The LU program factors a dense matrix into the product of a lower 
triangular and an upper triangular matrix.  The factorization uses
blocking to exploit temporal locality on individual submatrix elements.
The algorithm used in this implementation is described in 

Woo, S. C., Singh, J. P., and Hennessy, J. L.  The Performance Advantages 
     of Integrating Block Data Transfer in Cache-Coherent Multiprocessors.
     Proceedings of the 6th International Conference on Architectural
     Support for Programming Languages and Operating Systems (ASPLOS-VI),
     October 1994.

Two implementations are provided in the SPLASH-2 distribution:

  (1) Non-contiguous block allocation

      This implementation (contained in the non_contiguous_blocks 
      subdirectory) implements the matrix to be factored with a 
      two-dimensional array.  This data structure prevents blocks from 
      being allocated contiguously, but leads to a conceptually simple
      programming implementation.

  (2) Contiguous block allocation

      This implementation (contained in the contiguous_blocks 
      subdirectory) implements the matrix to be factored as an array
      of blocks.  This data structure allows blocks to be allocated 
      contiguously and entirely in the local memory of processors that
      "own" them, thus enhancing data locality properties.

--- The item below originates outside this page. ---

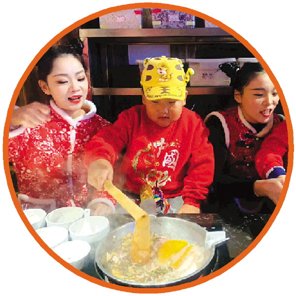 用餐结束后,“小东北虎”还与餐厅工作人员交流互动,共跳广西“科目三”,并一起体验打油茶的乐趣。

These programs work under both the Unix FORK and SPROC models.

RUNNING THE PROGRAM:

To see how to run the program, please see the comment at the top of the
file lu.C, or run the application with the "-h" command line option.
Three parameters may be specified on the command line, of which the 
ones that are normally changed are the matrix size and the number of 
processors.  It is suggested that the block size be kept at the value
B=16, since this value works well in practice.  If this parameter is 
changed, the new value should be reported in any results that are 
presented.

BASE PROBLEM SIZE:

The base problem size for an upto-64 processor machine is a 512x512 matrix
with a block size of B=16.

DATA DISTRIBUTION:

Our "POSSIBLE ENHANCEMENT" comments in the source code tell where one
might want to distribute data and how.  Data distribution has a small 
impact on performance on the Stanford DASH multiprocessor.